◆ Problem
Only some lines are wanted: please transcribe exactly those from the one containing "Warm und trocken" through the end of the data, pictures excluded.

◆ Raw data
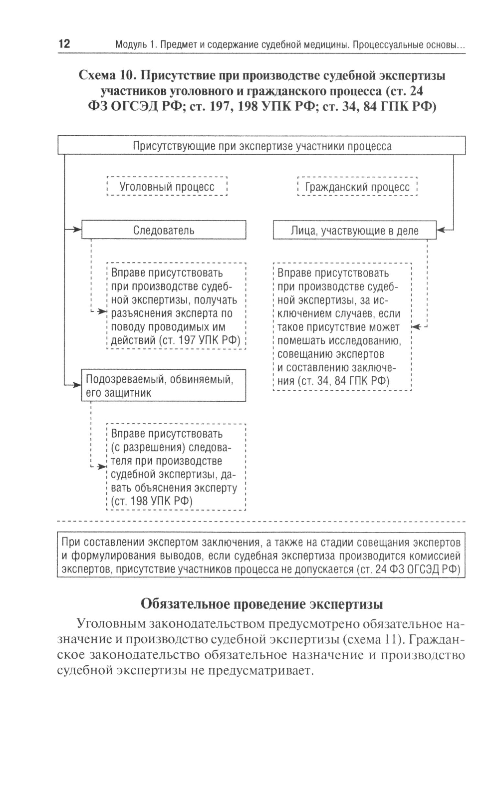 В настоящем издании учебного пособия (первое вышло в 2004 г.) на основе современных научных данных с учетом новых действующих законодательных норм (по состоянию на январь 2017 г.) в виде схем и рисунков освещаются наиболее важные вопросы судебно-медицинской науки и практики - порядок и процессуальные основы назначения и производства судебно-медицинской экспертизы; экспертные возможности при исследовании объектов судебно-медицинской экспертизы - трупов, живых лиц, вещественных доказательств биологического происхождения, материалов уголовных и гражданских дел. Подготовлено в соответствии с примерной программой по судебной медицине для студентов, обучающихся по специальности «Лечебное дело». Данное издание может быть полезным клиническим ординаторам, аспирантам, преподавателям и врачам - судебно-медицинским экспертам.| Издательство | Проспект |
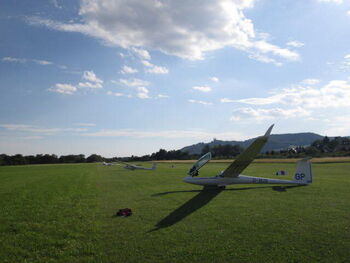 Warm und trocken begann der Tag. Bereits beim Frühstück hatten wir über zwanzig Grad und keine Wolke am Himmel. Dies änderte sich auch den ganzen Tag über nicht. Lediglich ein paar Cirren zogen über dem Flugplatz auf und machten es uns somit schwer zu den guten Verhältnissen mit Cumulusthermik im Riesengebirge und hinter der polnischen Grenze zu gelangen.
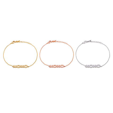 A petite style that packs a punch, the XOXO series is one of our personal favorites. The bracelet features sleek, brushed metal letters, and an adjustable lobster clasp, all in silver plating. Layer this with other delicate mixed metals wristwear, or style it by itself for a simple finish.
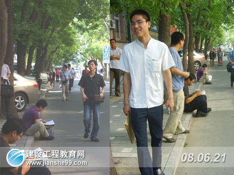 今年的北京,下過幾場大雨,所以夏天比往年要來得晚一些。但是經(jīng)歷了昨天的悶熱天氣之后,今年我們迎來了一個艷陽高照的日子。今天是夏至,最高氣溫32度,但是早上的北京還沒有那么的炎熱,考生們也都個個精神抖擻,信心百倍,通過我們的采訪也看得出考生的心情非常好。早上9點開始考試,考生們7點多就已經(jīng)在門口等待。今年的考試管理非常嚴(yán)格,考生需提前一個小時持準(zhǔn)考證入場。為了趕早和考生交流,建設(shè)工程教育網(wǎng)記者早早來到位于德勝門外的北京市電子信息學(xué)校的考點,看到考生們在交流和進(jìn)行最后的沖刺準(zhǔn)備,看得出來大家對這次的考試信心很足。8點40,考生們陸續(xù)走進(jìn)考場,一路走來,談笑風(fēng)聲,好象大家都忘記了今天要考試,也許是大家都復(fù)習(xí)得很到位的原因。通過網(wǎng)校記者和學(xué)員們的交流,發(fā)現(xiàn)大家對二級建造師的考試的熱情非常高,而且對考試也很有把握,今年二級建造師的教材和大綱基本沒有變動,學(xué)員們的備考也很充分,對這次考試信心十足,在記者的祝福下,考生們也面帶笑容地步入考場。與此同時,大部分考生還非常感謝建設(shè)工程教育網(wǎng)的輔導(dǎo),覺得輔導(dǎo)對自己幫助很大,增加了通過的信心,身為網(wǎng)校一員的記者,自己也為他們感到高興,看著他們遠(yuǎn)去的背影,默默地為他們送去祝福,愿他們“旗開得勝,馬到成功!”

◆ Output for this task
 Warm und trocken begann der Tag. Bereits beim Frühstück hatten wir über zwanzig Grad und keine Wolke am Himmel. Dies änderte sich auch den ganzen Tag über nicht. Lediglich ein paar Cirren zogen über dem Flugplatz auf und machten es uns somit schwer zu den guten Verhältnissen mit Cumulusthermik im Riesengebirge und hinter der polnischen Grenze zu gelangen.
 A petite style that packs a punch, the XOXO series is one of our personal favorites. The bracelet features sleek, brushed metal letters, and an adjustable lobster clasp, all in silver plating. Layer this with other delicate mixed metals wristwear, or style it by itself for a simple finish.
 今年的北京,下過幾場大雨,所以夏天比往年要來得晚一些。但是經(jīng)歷了昨天的悶熱天氣之后,今年我們迎來了一個艷陽高照的日子。今天是夏至,最高氣溫32度,但是早上的北京還沒有那么的炎熱,考生們也都個個精神抖擻,信心百倍,通過我們的采訪也看得出考生的心情非常好。早上9點開始考試,考生們7點多就已經(jīng)在門口等待。今年的考試管理非常嚴(yán)格,考生需提前一個小時持準(zhǔn)考證入場。為了趕早和考生交流,建設(shè)工程教育網(wǎng)記者早早來到位于德勝門外的北京市電子信息學(xué)校的考點,看到考生們在交流和進(jìn)行最后的沖刺準(zhǔn)備,看得出來大家對這次的考試信心很足。8點40,考生們陸續(xù)走進(jìn)考場,一路走來,談笑風(fēng)聲,好象大家都忘記了今天要考試,也許是大家都復(fù)習(xí)得很到位的原因。通過網(wǎng)校記者和學(xué)員們的交流,發(fā)現(xiàn)大家對二級建造師的考試的熱情非常高,而且對考試也很有把握,今年二級建造師的教材和大綱基本沒有變動,學(xué)員們的備考也很充分,對這次考試信心十足,在記者的祝福下,考生們也面帶笑容地步入考場。與此同時,大部分考生還非常感謝建設(shè)工程教育網(wǎng)的輔導(dǎo),覺得輔導(dǎo)對自己幫助很大,增加了通過的信心,身為網(wǎng)校一員的記者,自己也為他們感到高興,看著他們遠(yuǎn)去的背影,默默地為他們送去祝福,愿他們“旗開得勝,馬到成功!”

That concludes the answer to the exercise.